Bioinformatics Pipelines and Systems Infrastructure
The genetics industry is undergoing a fundamental shift from a clinical science focus to a bioinformatics focus. Genetic services require a greater level of data analytics sophistication than is required for other laboratory testing. Currently, data generated by new tests overwhelms current information technology systems and human interpretation capabilities. This is one of the reasons that we at Golden Helix strive to simplify the process of analyzing and interpreting the data, so that it is possible for a wider group of users to conduct work in this space.
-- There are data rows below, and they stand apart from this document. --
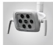
LED Sensor operation lamp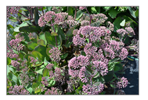
Thunderhead Stonecrop flower buds

www.hunnifordgardens.com Facebook @ HunnifordGardens Instagram @ hunnifordgardens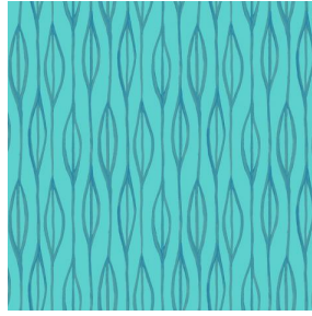
YENDI Lagon 110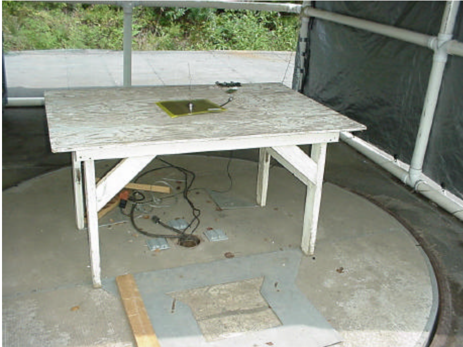
Photograph(s) for Spurious Emissions (Whip Antenna)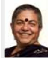
Vandana Shiva is a world-renowned environmental leader and thinker. Director of the Research Foundation on Science, Technology, and Ecology, she is the author of many books, including Soil not Oil (2009). She is the founder of Navdanya ('nine seeds'), a movement promoting diversity and use of native seeds. Before becoming an activist, Shiva was one of India's leading physicists. She holds a master's degree in the philosophy of science and a Ph.D. in particle physics.

One of the problems with the climate negotiations is that they are based on the false assumption that development can only be based on fossil fuels, and hence on pollution. By default, countries are then pitted against each other in a contest based on the 'right to pollute'. However we can improve human welfare while reducing fossil fuel use and greenhouse gas emissions.

Ultimately, the output of the NGS pipeline needs to be integrated into the electronic health record and to be aggregated across a patient population. Robust informatics systems and trained bioinformaticians are critical new additions to the clinical team. Servant et al. (2014) covered this issue in detail. I agree with their findings. Here is the upshot.
Precision medicine requires a strong interdisciplinary collaboration between several stakeholders covering a large continuum of expertise ranging from medical, clinical, biological, translational, technical, and biotechnological know-hows. The chart below illustrates the different practitioners involved in the complex process, describes the data workflow starting from and coming back to the patient in order to tailor the therapy and shows the informatics and bioinformatics infrastructure supporting the workflow. To build the therapeutic decision, the most exhaustive data ranging from clinical to biological, environmental and family information (e.g., description of the tumor histology, list of previous treatments, family history, etc.) needs to be collected along a complex healthcare pathway. During the process, physicians (such as surgeons, pathologists, radiation and medical oncologists, etc.), biologists, pharmacists, bioinformaticians, computational biologists, biostatisticians, biobank managers, biotechnological platform managers, clinical research associates, and the technical staff will offer their expertise for the benefit of the patient.
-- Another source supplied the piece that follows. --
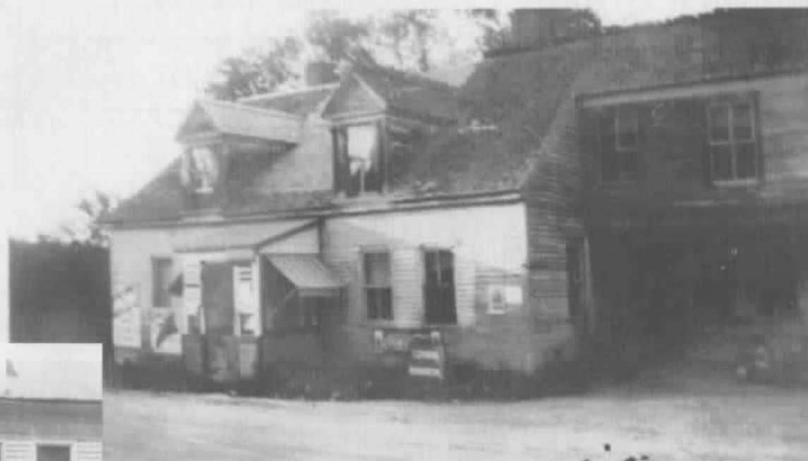
Stacy's - Mud City 1939

The second figure outlines the general structure of a bioinformatics pipeline designed to detect somatic mutations as an example for the building blocks of a bioinformatics pipeline. The reads could come from a number of different sequencers such as the Ion TorrentTM PGM sequencer using the AmpliseqTM cancer panel. The reads are aligned on the reference human genome. Then, in the next step variants have to be called (SNVs, indels and possible more complex variations like structural variations and copy number alterations). Variants have to be filtered to promote a high specificity, in order to avoid any false positives. Thus, detected variants are filtered according to their frequency (e.g ≥4% for SNVs and 5% for indels, strand ratio ≥0.2, and reads coverage ≥30X for SNVs and 100X for indels). In addition, SNVs and mainly insertions and deletions detected in the context of a repeated region or a homopolymer are double checked. Homopolymer and repeated regions are prone to contain recurrent false positive, because of the limitation of the current sequencing technology. To facilitate the interpretation of individual patient data for clinical trials, the filtered list of variants is then annotated using software packages like Golden Helix’ VarSeq. Common polymorphisms as well as recurrent and neutral variants on hotspots are reported. These variants do not present any therapeutic interest but are good internal controls to ensure the quality of the sequencing data. The Catalog of Somatic Mutation in Cancer (COSMIC) is used to annotate the mutations detected at a hotspot position. Non targeted mutations in genes covered by the panel, being non polymorphic nonsense, missense or indels are also reported, even if it may be difficult to know whether the alteration is involved in deregulating a particular pathway and whether it is clinically relevant. However, more stringent frequency filtering are applied for these cases (e.g. frequency ≥10% for SNVs and 15% for indels) leading to a higher specificity. Then, relevant mutations and variations are visualized using the GoldenHelix’ GenomeBrowse. The visualization remains an important step to assess the overall quality of the variant call, by taking into account the reads coverage, the error rate in the flanking region, the mutation position across the targeted region and across reads supporting them.
The evolution of sequencing technologies rapidly expanded the frontiers of genomics into clinic at lower costs and increased speeds. Bioinformatics pipeline will become part of the standard process to diagnose patients and to determine treatment options. Our understanding of how this looks like in the oncology space is already reasonably developed. Going forward we will have to standardize these pipelines and embed their output into patient heath record systems.